EU
EU funds must be used to develop community-based alternatives in 2014-2020
The European Union is preparing to implement the next seven years of the Structural and Investment Funding. The framework put in place for this new programming period represents a historic opportunity to protect the rights of Europe’s most excluded people - those living in institutional care. For the first time, the new Regulations for the EU Cohesion Policy investment, adopted last December by the European Council and the European Parliament include specific references to support the “transition from institutional to community-based care”.

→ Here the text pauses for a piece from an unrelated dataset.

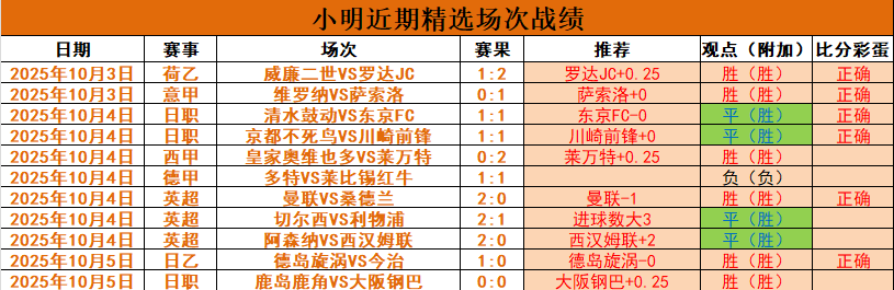 【上期回顾】早场精选2场+彩蛋1场全胜!昨9场观点对8场,文章莱万特、曼联打出。阿森纳、东京、川崎、切尔西大打平,近11中10;彩蛋柏打出,天鹅平。昨只错1场正确率非常不错,今开市第一天,继续正向上分,加油!

The European Expert Group on the Transition from Institutional to Community-Based care (EEG) welcomes this historic breakthrough in the EU’s legislative landscape, which should improve the situation of children and adults in institutional care or at risk of institutionalization and facilitate real effective innovation in the social services sector. The EEG looks forward to further developing this partnership with the national authorities and the EU institutions in the new programming period, to ensure that the potential of the new Regulations to deliver major improvements in the lives of people in institutional care or at risk of institutionalization is fully realized. With this objective, the European Expert Group on the Transition from Institutional to Community-Based care urges the European Commission:
· To provide guidance to the member states, in order to ensure that the priority of supporting the transition from institutional to community-based care, as clearly stated in the Regulations is fully implemented in the new programming period;
· to ensure that the commitments to transition from institutional to community-based care are clearly described in the partnership agreements and operational programmes of all member states;
· to ensure that implementation of these commitments is effectively monitored at the national level and by the European Commission, with a meaningful involvement of all the relevant stakeholders, in line with the European Code of Conduct on Partnership, and;
· to ensure that the Country Specific Recommendations (CSR) based on National Reform Plans are coherent with and used as instruments to achieve the objectives outlined in the new regulations.